_THE TASK_
Every line below from the one with "View to the" through the one with "Penampang, Sabah: A" should be retyped exactly, both ends included; no other lines and no pictures.

_SOURCE INFORMATION_
--- --- ---
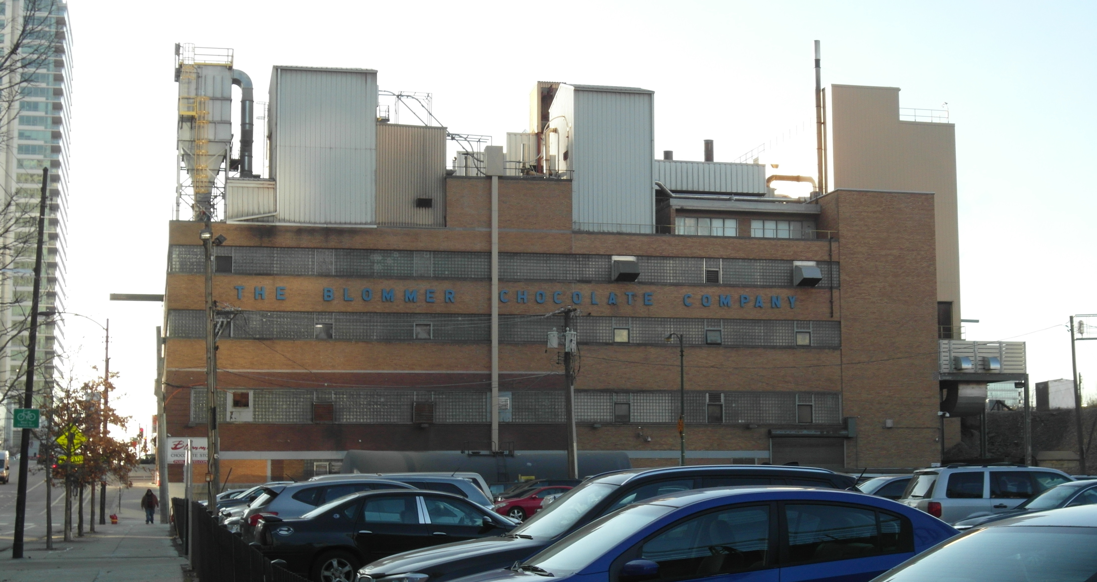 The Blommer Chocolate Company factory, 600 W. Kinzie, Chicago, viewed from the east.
--- --- ---
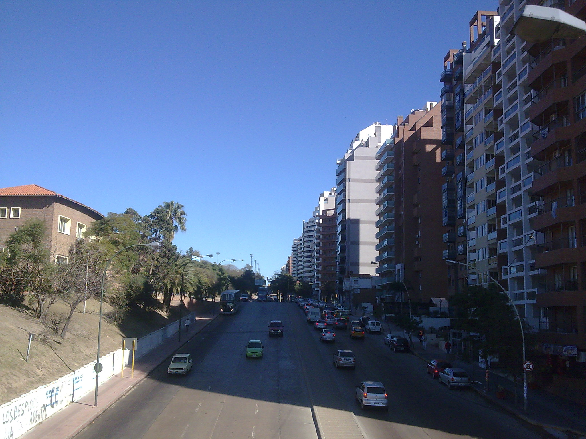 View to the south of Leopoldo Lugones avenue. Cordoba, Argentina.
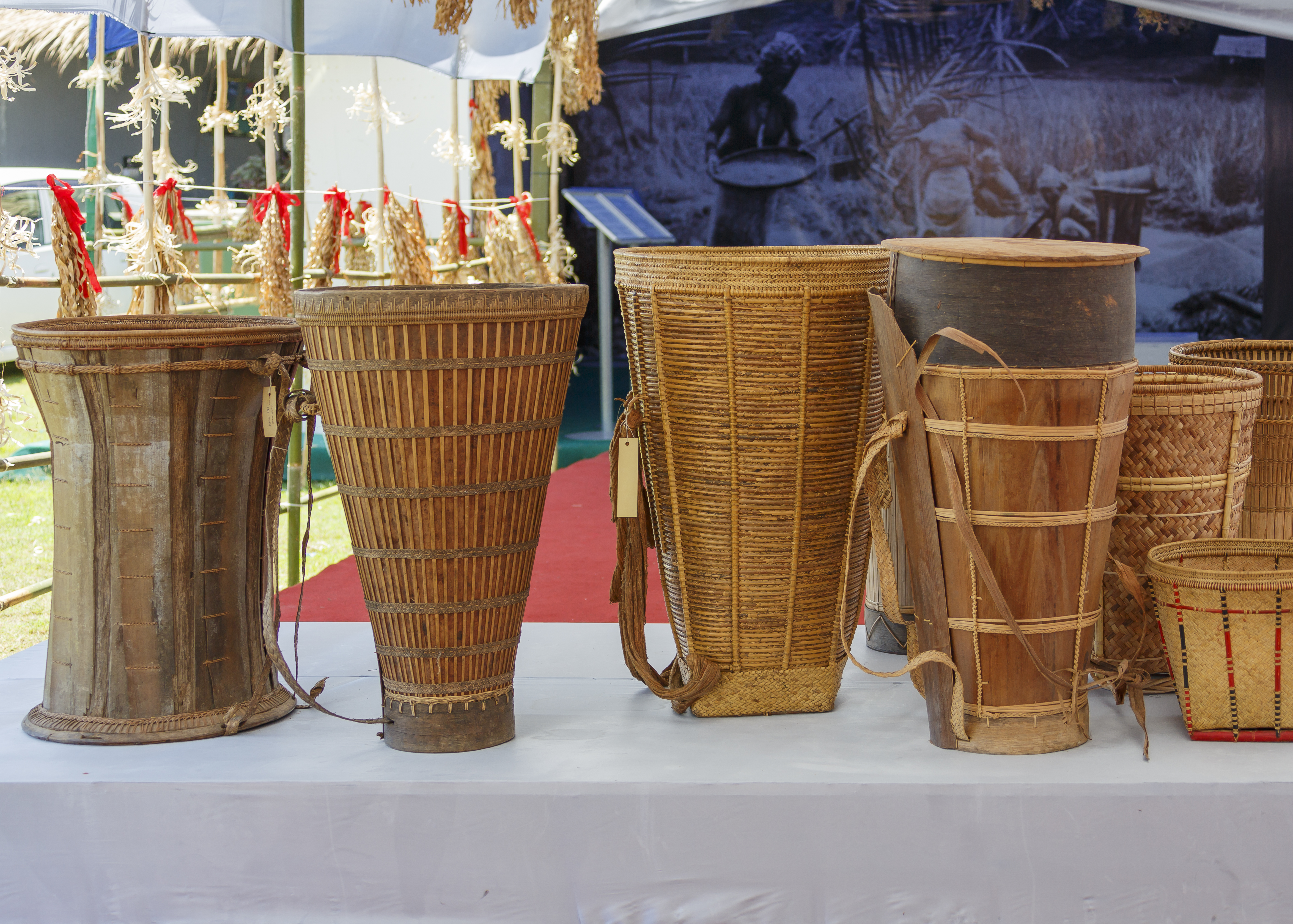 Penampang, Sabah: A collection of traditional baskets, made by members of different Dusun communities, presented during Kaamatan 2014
--- --- ---
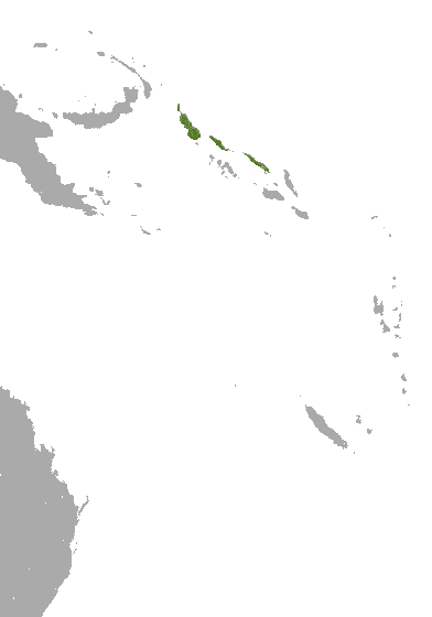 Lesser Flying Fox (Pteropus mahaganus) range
--- --- ---
_SOLUTION FOR THIS PROBLEM_
 View to the south of Leopoldo Lugones avenue. Cordoba, Argentina.
 Penampang, Sabah: A collection of traditional baskets, made by members of different Dusun communities, presented during Kaamatan 2014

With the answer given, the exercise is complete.